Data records
· · · ·

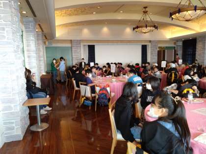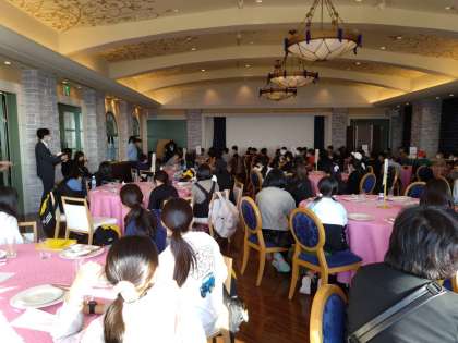 シェラトン・グランデ・トーキョーベイで過ごしている6年生です。朝食が終わり、ホテルの方があいさつをしてくださっています。
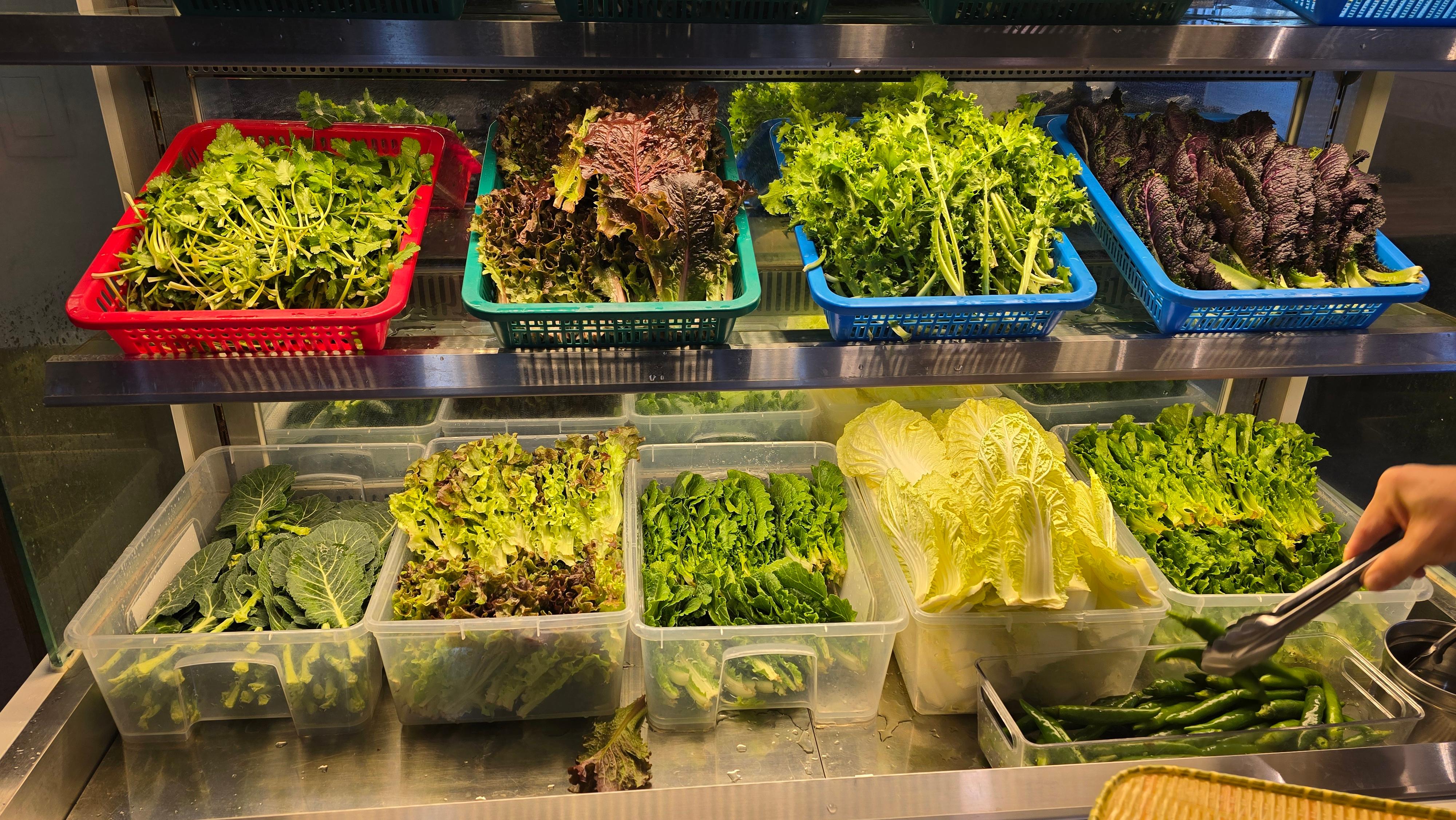 주문을 마치고 쌈을 담을 빈접시를 주면 셀프바로가서 먹고싶은 채소를 담으면 됩니다. 상추, 깻잎은 물론이고 와사비, 봄동 그리고 당귀와 고수까지 상당히 다양한 종류의 야채가 있는게 매우 인상적입니다.
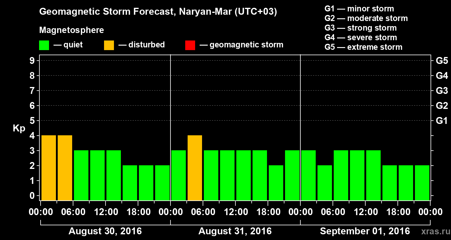 Geomagnetic activity forecast in Naryan-Mar — Aug 30, 2016
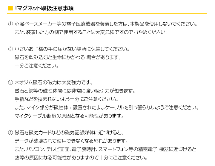 マイク内部にネオジム磁石を内蔵しており、マイク設置面が磁性体の場合強い磁力で固定できます。
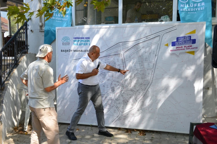 BURSA (İGFA) - Nilüfer Belediyesi, Başköy Mahallesi’nin geleceğini şekillendirecek olan Uygulama İmar Planı’nı, mahalle sakinlerine anlattı. Başköy Mahallesi’nde gerçekleşen toplantıya Nilüfer Belediye Başkan Yardımcısı Mahmut Demiröz, Başköy Mahalle Muhtarı Recep Uslu ve çok sayıda mahalle sakini katılarak planla ilgili detaylı bilgi aldı.

· · · ·

WORK TASK =
Copy the records above exactly, from the first line through the line containing "マイク内部にネオジム磁石を内", and leave out the pictures.

EXERCISE RESULT =
 シェラトン・グランデ・トーキョーベイで過ごしている6年生です。朝食が終わり、ホテルの方があいさつをしてくださっています。
 주문을 마치고 쌈을 담을 빈접시를 주면 셀프바로가서 먹고싶은 채소를 담으면 됩니다. 상추, 깻잎은 물론이고 와사비, 봄동 그리고 당귀와 고수까지 상당히 다양한 종류의 야채가 있는게 매우 인상적입니다.
 Geomagnetic activity forecast in Naryan-Mar — Aug 30, 2016
 マイク内部にネオジム磁石を内蔵しており、マイク設置面が磁性体の場合強い磁力で固定できます。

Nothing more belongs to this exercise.